RECORDS SUPPLIED: Begin

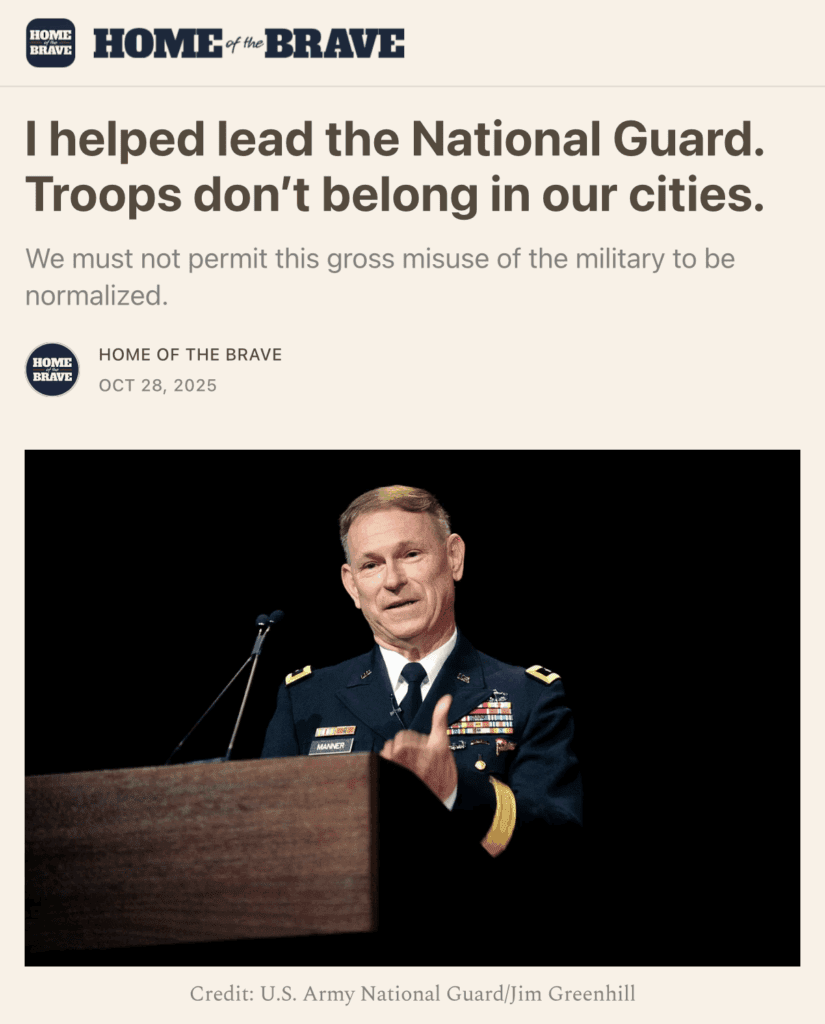 And in a newsletter for Home of the Brave, retired U.S. Army Maj. Gen Randy Manner writes that National Guard deployments in American cities are a misuse of troops, risks the politicization of the military, and endanger First Amendment rights.
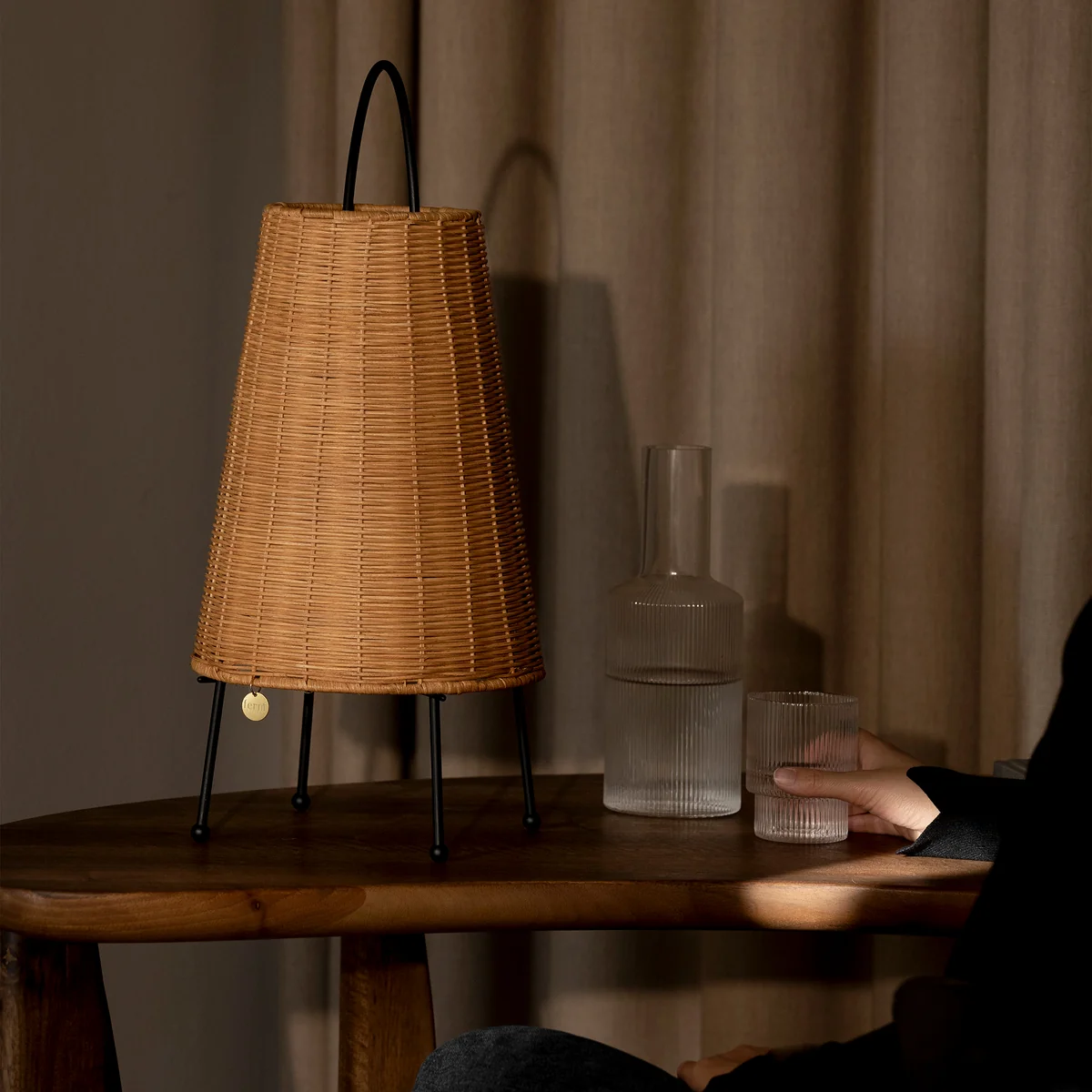La lampe Porti Lampe de table LED en rotin de Ferm Living est une interprétation moderne de la lanterne classique. La lampe portable peut être placée de différentes manières et est fabriquée en rotin tressé avec un pied en fer revêtu par poudre et un dôme LED. Porti offre une lumière douce et chaude qui garantit des moments de bien-être confortables. Grâce à la fonction Hover-Touch du pied de la lampe, l'intensité lumineuse peut être réglée par simple effleurement. De même, il suffit d'effleurer la lampe LED pour l'allumer ou l'éteindre. Porti La lampe peut même être installée sur des surfaces inégales grâce à ses pieds réglables.
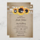 Estes convites para casamento de girassol rústico com girassóis em uma colmeia em apuros e fundo de rendas adornados com luzes de cordas são perfeitos para convidar seus convidados para sua festa de casamento vintage rústico inspirada em flores de girassol.
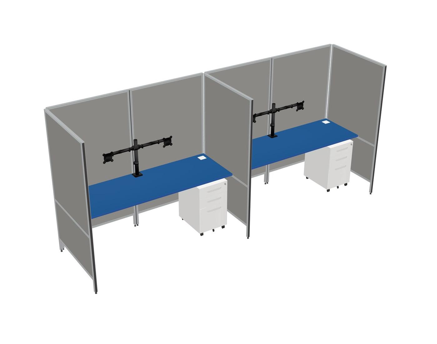 Système De Panneaux Flexibles Prism Blue Pour 2 + tiroirs Mobiles En Métal + bras Pour écran (bras Doubles)
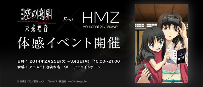 劇場版 空の境界 / 劇場版「空の境界」未来福音feat.HMZ 体感イベント開催 2月 13, 2014 現在、ソニーのヘッドマウントディスプレイとコラボキャンペーンを実施中です。2月25日(火)からの体感イベントでは、会場にて劇場版「空の境界」のグッズを2,000円(税込)以上お買い上げいただいた方に、 描き下ろしオリジナルイラストを使ったクリアファイルをプレゼント致します。詳細はコチラ■作品詳細ページ 共有 リンクを取得 Facebook × Pinterest メール 他のアプリ ラベル Aniplex karanokyoukai アニプレックス 劇場版 空の境界 共有 リンクを取得 Facebook × Pinterest メール 他のアプリ コメント
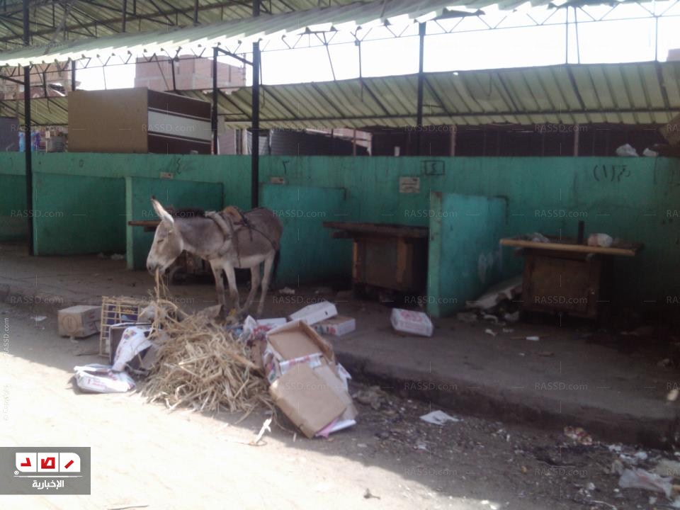 الحمير ترعي في السويقات المخصصة للباعة الجائلين
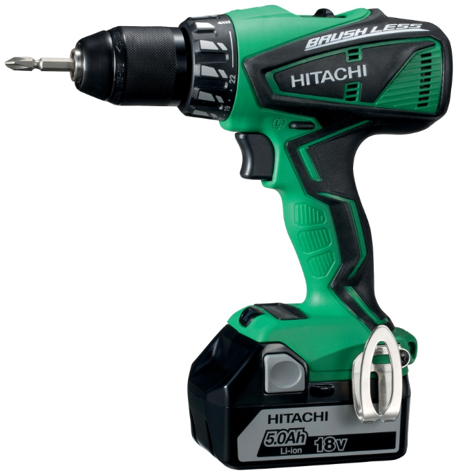 This screwdriver is designed for universal use. Depending on the processing material, you can select the desired mode, torque coefficient. The presence of a thin handle and a rubberized surface increases the convenience of using the device. A special holder allows you to attach the drill to the belt belt. It is found in almost all Hitachi models.

RECORDS SUPPLIED: End

For this answer, return word for word the lines from the first line of the records through the line containing "La lampe Porti". Omit the pictures.

 And in a newsletter for Home of the Brave, retired U.S. Army Maj. Gen Randy Manner writes that National Guard deployments in American cities are a misuse of troops, risks the politicization of the military, and endanger First Amendment rights.
La lampe Porti Lampe de table LED en rotin de Ferm Living est une interprétation moderne de la lanterne classique. La lampe portable peut être placée de différentes manières et est fabriquée en rotin tressé avec un pied en fer revêtu par poudre et un dôme LED. Porti offre une lumière douce et chaude qui garantit des moments de bien-être confortables. Grâce à la fonction Hover-Touch du pied de la lampe, l'intensité lumineuse peut être réglée par simple effleurement. De même, il suffit d'effleurer la lampe LED pour l'allumer ou l'éteindre. Porti La lampe peut même être installée sur des surfaces inégales grâce à ses pieds réglables.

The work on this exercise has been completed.